The Emperor Has No Clothes
Even with the endowment of shale reserves, our good friends the bureaucrats have deliberately sought to destroy every element of the greater oil and gas economy in North America. Inaction is a deliberate act when it spans four decades. With an endowment of riches passed to them, they’ve only managed to turn it into a wasting resource where no one but them have benefited. Based on their culture, plans, understanding and most importantly what drives them, there will never be any value generated by them. It was only last year they concluded that shale was not commercially viable. That they needed to move to clean energy and pursue that without any plans or understanding how to make any money in an industry that has never prospered for anyone, has only survived on government benefits and has a history of accountability that gets bureaucrats drooling. And they can do this without consulting anyone or putting it forward, it’s just their decree and that’s that. Producer bureaucrats have never had to account for their litany of serial disasters as they’ve always had some bright shiny object to market as the focus of their next endeavor. When the new prospects inevitably turn into a financial disaster, almost exclusively as a result of chronic overproduction, they never address the issues, they only say they’ve moved on to bigger and better things. Never have they sought to remediate their poor performing assets and turn them profitable. All of the prior decades oil and gas production was sold at prices that were not profitable. Today producers may be treading water with their costs covered due to $90+ oil, but I highly doubt it. And in our immediate future we are incapable and unprepared in every way to approach the opportunity of fueling societies needs. In what can only be described as a constrained resource environment by those who may not share our political point of view.
I recall when I published the Preliminary Research Report documenting the use of the Joint Operating Committee as the key organizational construct in May 2004. The party was going strong in oil and gas and continued in that manner for a considerable period of time. This was the time when shale became the place to be and the shale gold rush was on.
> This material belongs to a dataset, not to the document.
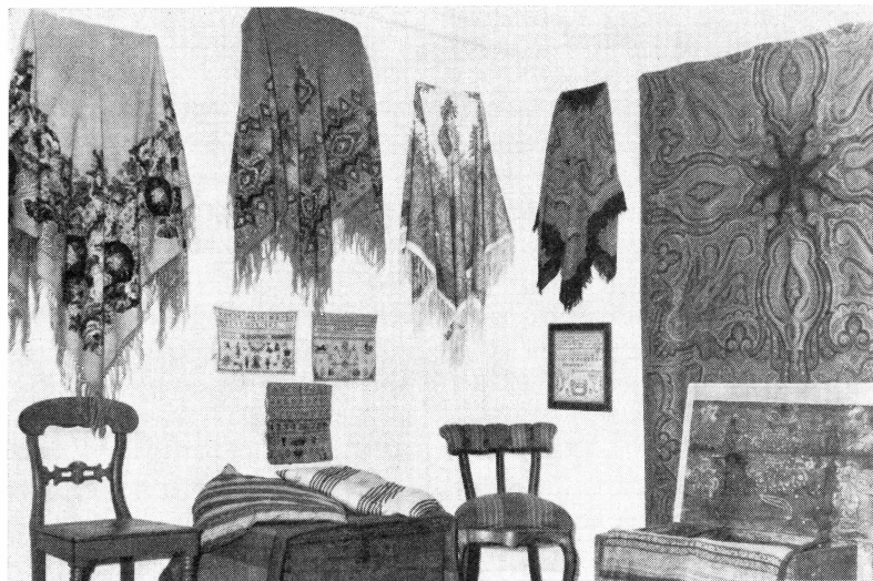
Bild 2. Ungmorsschalar och märkdukar på Vidboutställningen.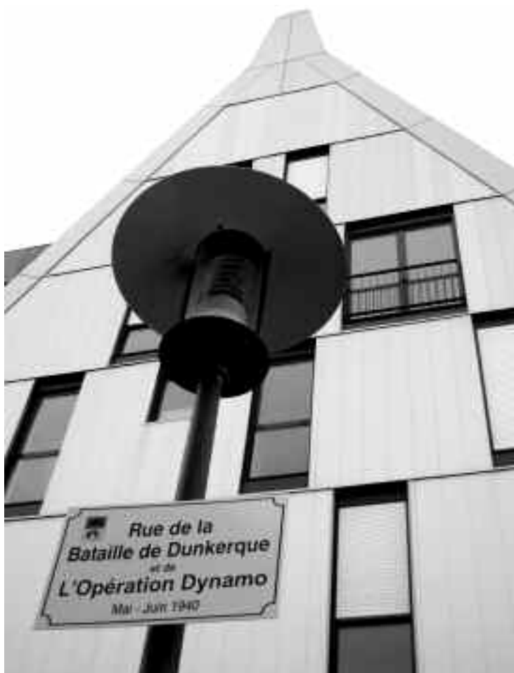
Photo 1 : Immeuble à gable et valorisation mémorielle

personnages qui avaient marqué cette épopée ouvrière, mêlés aux grands hommes du siècle dernier (Mandela, Malraux, Dreyfus...), les nouveaux arrivants de Grand Large ont donc pour mission « d'incarner le renouveau du site des Chantiers de France 9 ». Cependant, il aurait fallu que cette grammaire historique fût progressivement formalisée, puis largement répandue de sorte qu'elle soit aujourd'hui disponible pour les habitants et qu'ils puissent la revendiquer. Or, cette volonté mémorielle toute récente est allée à contre-courant de tout le travail de déni réalisé depuis la démolition quasi-totale de la NORMED 10 .

The public was inundated with the storyline of how innovative the producers had become to make shale the miracle that it was. Except in my contrarian point of view I argued in this blog that these producers were anything but innovative. They never had been and never would be, they don’t act and just sit there giving a thumbs up or down to those who should happen to spend their lives on breaking their brains solving big problems, and groveling to be heard by said bureaucrats. Only to repeatedly get the thumbs down. Such were the lives of those in the service industry and more specifically the coil tubing developers and Packers Plus. These people spent decades trying to convince producers to use their technologies but were denied at every turn. The only question I have to ask is, in oil and gas, who are the real innovators? Is it the ones with their greasy hands on the actual problems with machine shops at their disposal, or those that are sitting on the couch browsing the latest Ferrari brochures? I have no issue with wealth, I just feel people should earn it and do so by building value. Which is the absolute contrary situation here.
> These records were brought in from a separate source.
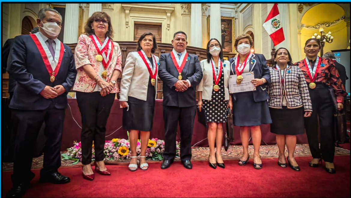
Reconocimiento por el “Día de la Mujer” a las rectoras del país en el evento: “Mujeres destacadas por su trabajo, amor y lealtad con la patria y la familia”, efectuado el día 4 de marzo de 2022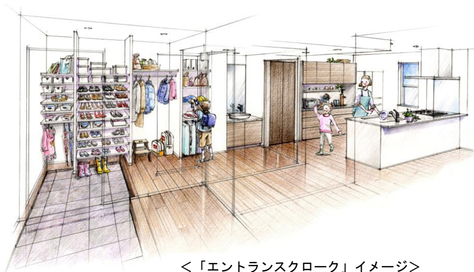
<「エントランスクローク」イメージ>

本物件は、「くつろぎのイエジカン」をテーマに、家事の時間を短縮する「イクカジスタイル」、共働きママ向けの「スマジヨスタイル」、パパが趣味を満喫できる「パパ充スタイル」の3つのライフスタイルを、共働きファミリーのための20項目の新発想空間「IDEA20」の要素を組み合わせ提案しています。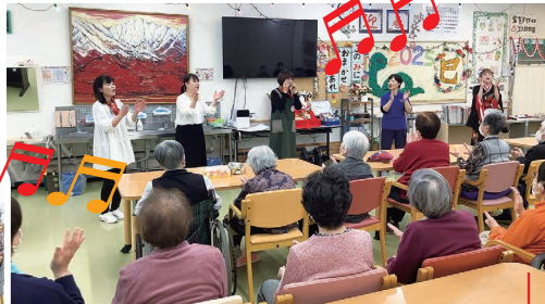
一緒にコラボして 故郷を利用者さんと手話で楽しみました。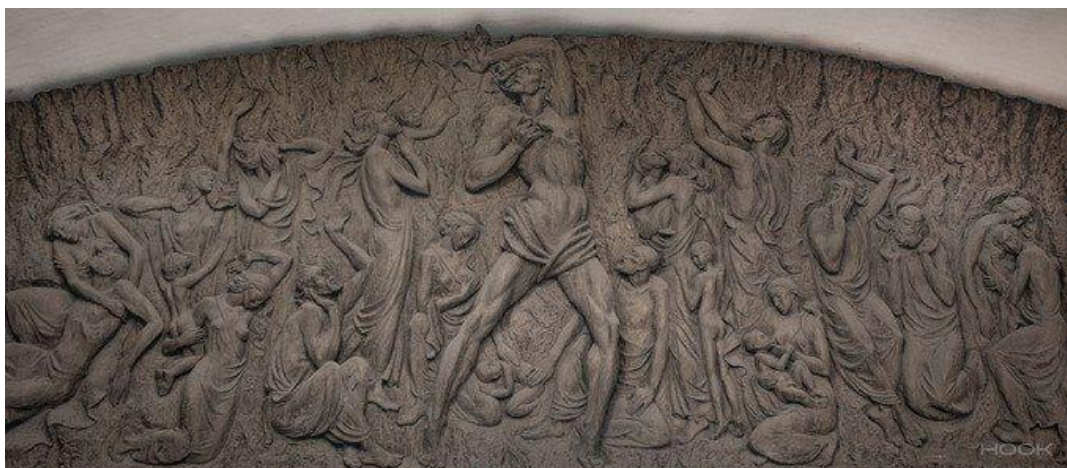
rasm. “Buyuk ipak yo‘li” metro bezakidagi barelef

“Kosmonavtlar” metro bekatining yulduzlar mavzusidagi kompozitsiyasi: Me’moriy bezaklari Kosmonavtika mavzusiga bag‘ishlangan. Ichidagi ko‘k sopol Mirzo Ulug‘bek tasvirlari bilan bezatilgan, Undan tashqari, Ona yer, Valentina Tereshkova , Yuriy Gagarin , Vladimir Jonibekov va hokazo kosmonavlarning suratlari bor. Juda mayda shisha yulduzlar bilan bezatilgan shift, somon yo‘lini eslatadi. 2019-yil 22-noyabr kungi Amerikaning “New York Times” gazetasi Toshkent metrosiga bag‘ishlangan rangli fotosessiyasida “Toshkent, O‘zbekiston poytaxti - bu dunyodagi eng chiroyli bezatilgan metro liniyalaridan biriga ega bo‘lgan shahar”- deb e’tirof etdi. 29 ta bekatining aksariyati mozaikalar va bareleflar bilan bezatilgan.

The fact of the matter is the history and culture that we’ve seen since the exit of the producers investors, and subsequently their bankers. Bureaucrats sitting on the couch is a satisfactory effort that is insatiable. Seven years of denial of new money has stimulated those innovative ideas throughout the bureaucracy. Ideas such as acceptance of negative $40 oil, never paying the service industry for work done in the field for 18 months. I need to give them some credit for being innovative. Why is it that I’m so critical of our good friends the bureaucrats? It's simple really, who’s responsible for all the damage done to the greater oil and gas economy? I can’t look at what has happened, particularly when alternatives were available and discussed on this blog, when the investors had given them the ultimate message of disapproval and yet, they’ve sat for all this time and continued to do nothing. Only to realize last year they needed to do something to save their lifelines and came up with the clean energy diversion and consolidation as the keys to their future prosperity. The world is moving to rapidly adopt decentralized models of organizations that are far more effective and business models that are more efficient. Yet tripling down on the bureaucracy through consolidation is seen as the saving grace of the industry? There’s the source of your industry innovation, that’s the source of where shale came from. We should wait in nervous anticipation at what innovative wonders will arrive next from these bureaucrats!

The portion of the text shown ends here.